*** THE DATA Section Begins ***
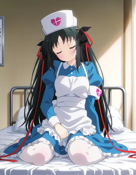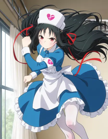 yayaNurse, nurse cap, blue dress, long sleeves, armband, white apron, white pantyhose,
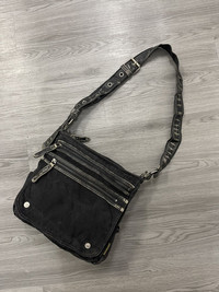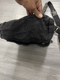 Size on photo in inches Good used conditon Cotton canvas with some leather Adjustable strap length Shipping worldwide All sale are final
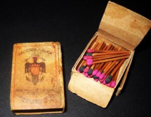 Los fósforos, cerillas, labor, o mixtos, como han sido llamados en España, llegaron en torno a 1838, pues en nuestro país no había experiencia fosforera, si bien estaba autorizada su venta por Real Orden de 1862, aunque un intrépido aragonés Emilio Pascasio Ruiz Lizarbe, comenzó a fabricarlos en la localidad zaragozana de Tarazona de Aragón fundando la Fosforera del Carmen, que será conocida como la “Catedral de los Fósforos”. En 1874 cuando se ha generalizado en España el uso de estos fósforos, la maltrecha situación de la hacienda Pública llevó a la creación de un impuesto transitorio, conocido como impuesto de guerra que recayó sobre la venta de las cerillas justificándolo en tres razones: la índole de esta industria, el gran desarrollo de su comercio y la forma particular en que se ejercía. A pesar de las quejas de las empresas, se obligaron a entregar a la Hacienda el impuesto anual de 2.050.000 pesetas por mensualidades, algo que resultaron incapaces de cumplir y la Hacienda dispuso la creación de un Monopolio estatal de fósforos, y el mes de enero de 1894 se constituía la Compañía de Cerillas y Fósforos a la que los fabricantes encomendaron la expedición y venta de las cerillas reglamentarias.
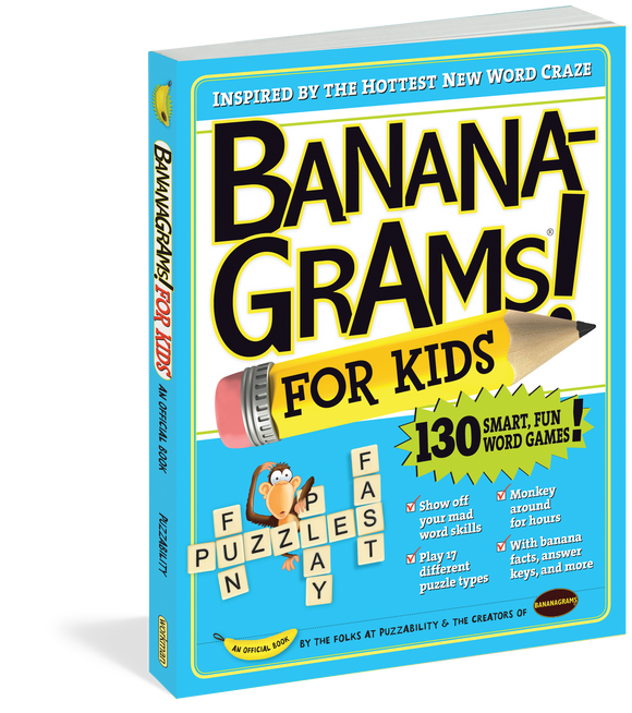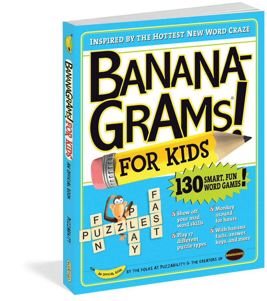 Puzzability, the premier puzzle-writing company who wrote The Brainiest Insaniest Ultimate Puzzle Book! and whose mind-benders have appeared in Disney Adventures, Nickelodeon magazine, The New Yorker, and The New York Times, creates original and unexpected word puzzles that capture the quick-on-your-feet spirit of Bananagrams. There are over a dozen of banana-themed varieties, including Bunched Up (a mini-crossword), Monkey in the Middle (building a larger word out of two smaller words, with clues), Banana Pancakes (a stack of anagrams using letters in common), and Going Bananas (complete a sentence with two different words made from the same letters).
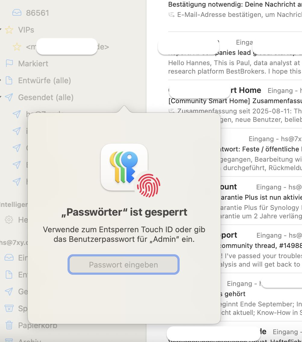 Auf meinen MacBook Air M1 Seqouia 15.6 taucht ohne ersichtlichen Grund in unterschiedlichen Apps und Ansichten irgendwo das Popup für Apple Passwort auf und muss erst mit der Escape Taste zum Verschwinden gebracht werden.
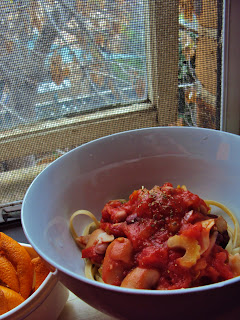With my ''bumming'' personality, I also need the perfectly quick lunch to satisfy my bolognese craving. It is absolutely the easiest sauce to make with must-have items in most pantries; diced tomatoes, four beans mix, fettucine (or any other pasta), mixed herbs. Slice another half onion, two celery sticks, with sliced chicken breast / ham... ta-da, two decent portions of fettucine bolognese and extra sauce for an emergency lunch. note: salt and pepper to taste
*** THE DATA Section Ends ***
*** THE DATA Section Begins ***
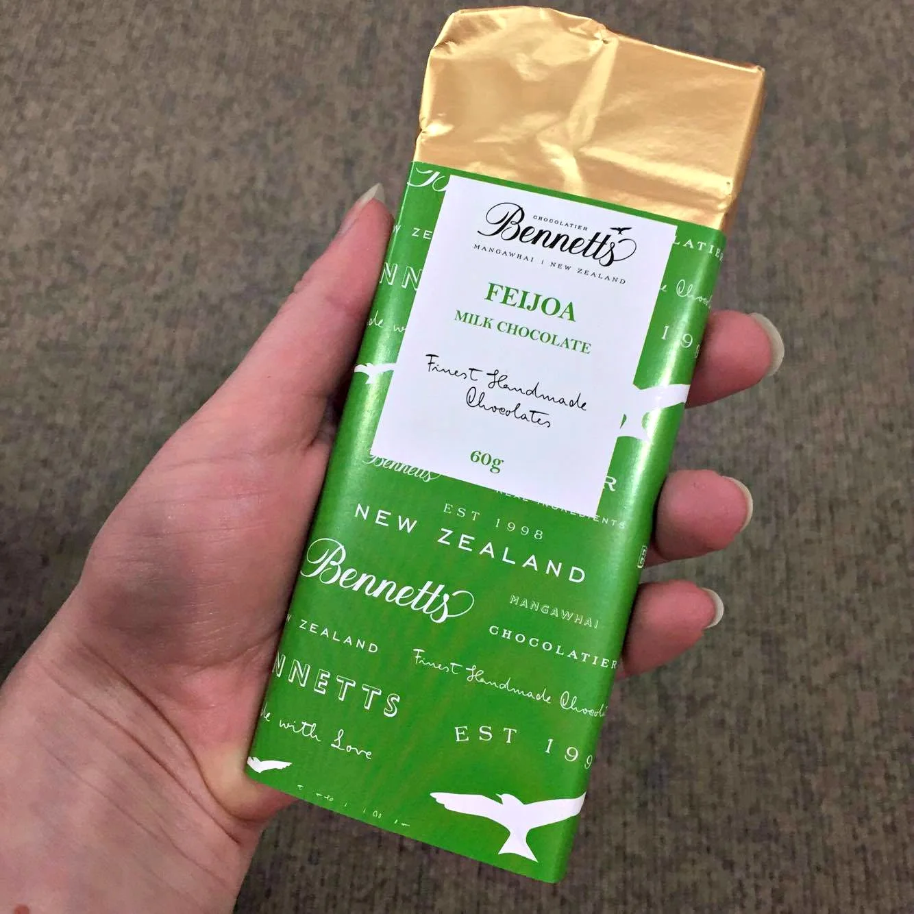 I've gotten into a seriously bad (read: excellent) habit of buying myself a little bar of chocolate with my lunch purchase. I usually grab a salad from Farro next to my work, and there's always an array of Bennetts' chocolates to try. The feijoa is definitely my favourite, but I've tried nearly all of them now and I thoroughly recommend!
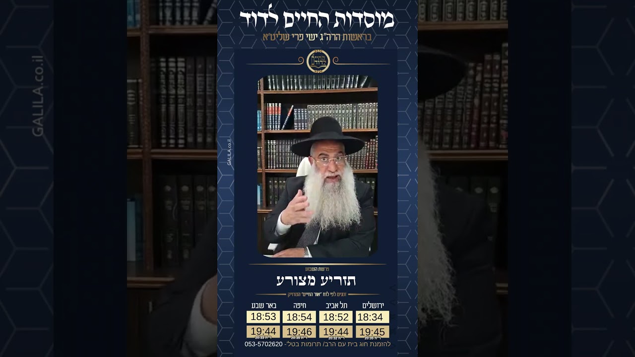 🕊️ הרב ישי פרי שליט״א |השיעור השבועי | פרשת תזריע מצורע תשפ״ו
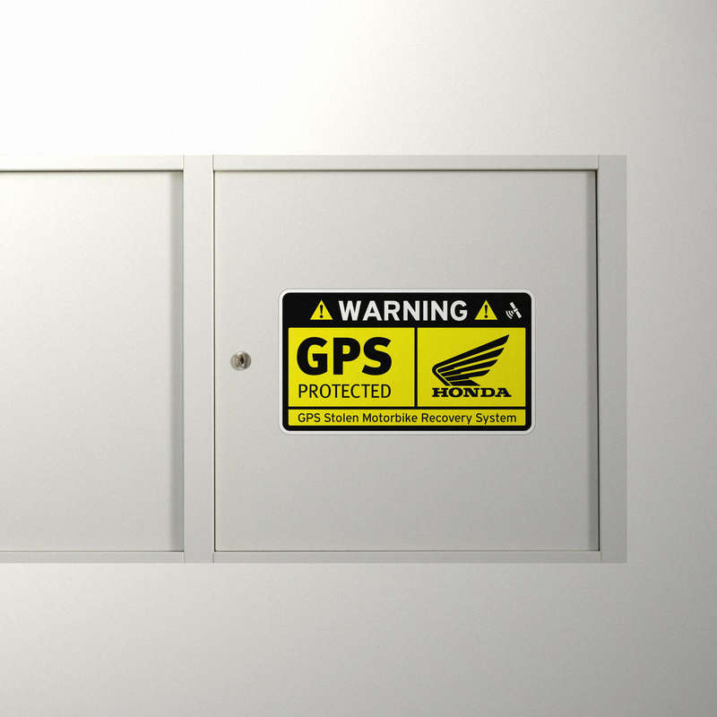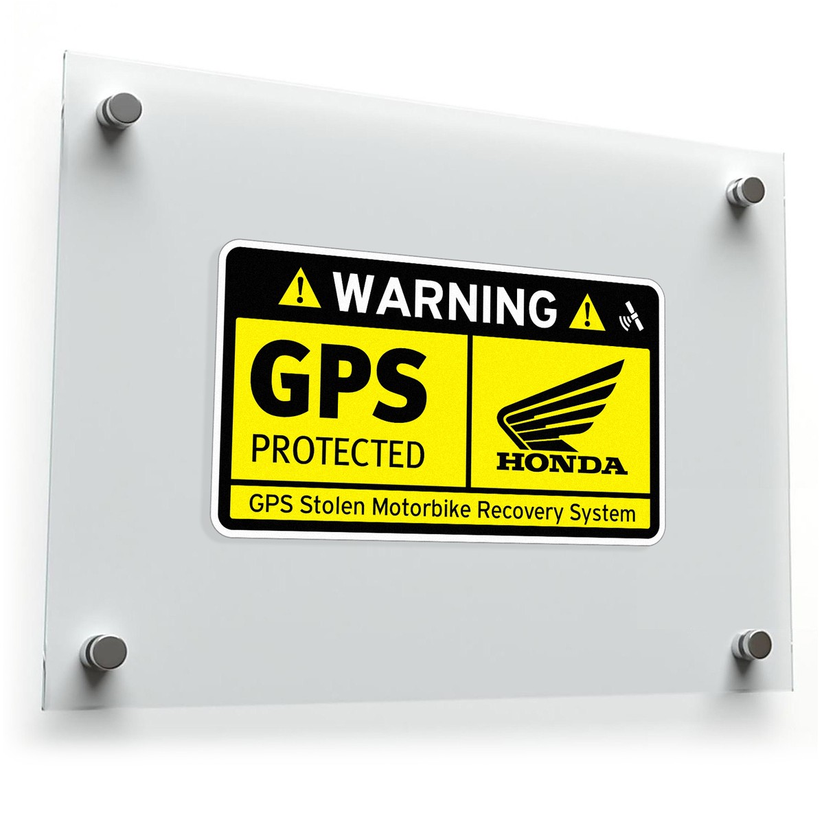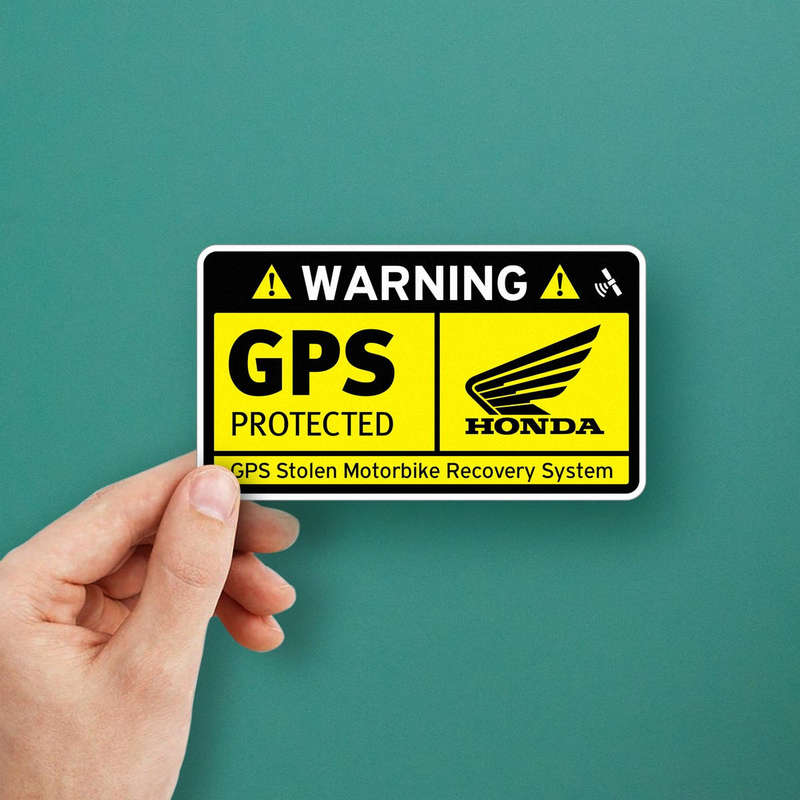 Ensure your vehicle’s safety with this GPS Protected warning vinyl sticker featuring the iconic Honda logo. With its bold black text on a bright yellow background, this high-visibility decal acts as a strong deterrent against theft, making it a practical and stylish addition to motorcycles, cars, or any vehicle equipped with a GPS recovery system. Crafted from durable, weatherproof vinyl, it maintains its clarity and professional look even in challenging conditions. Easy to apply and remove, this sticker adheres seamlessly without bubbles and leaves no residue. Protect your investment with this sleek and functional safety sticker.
*** THE DATA Section Ends ***
TASK TO COMPLETE:
Now transcribe the lines above exactly, starting at the line containing "yayaNurse, nurse cap, blue" and ending at the line containing "Size on photo", both lines included, pictures excluded.

OUTPUT OF THE EXERCISE:
 yayaNurse, nurse cap, blue dress, long sleeves, armband, white apron, white pantyhose,
 Size on photo in inches Good used conditon Cotton canvas with some leather Adjustable strap length Shipping worldwide All sale are final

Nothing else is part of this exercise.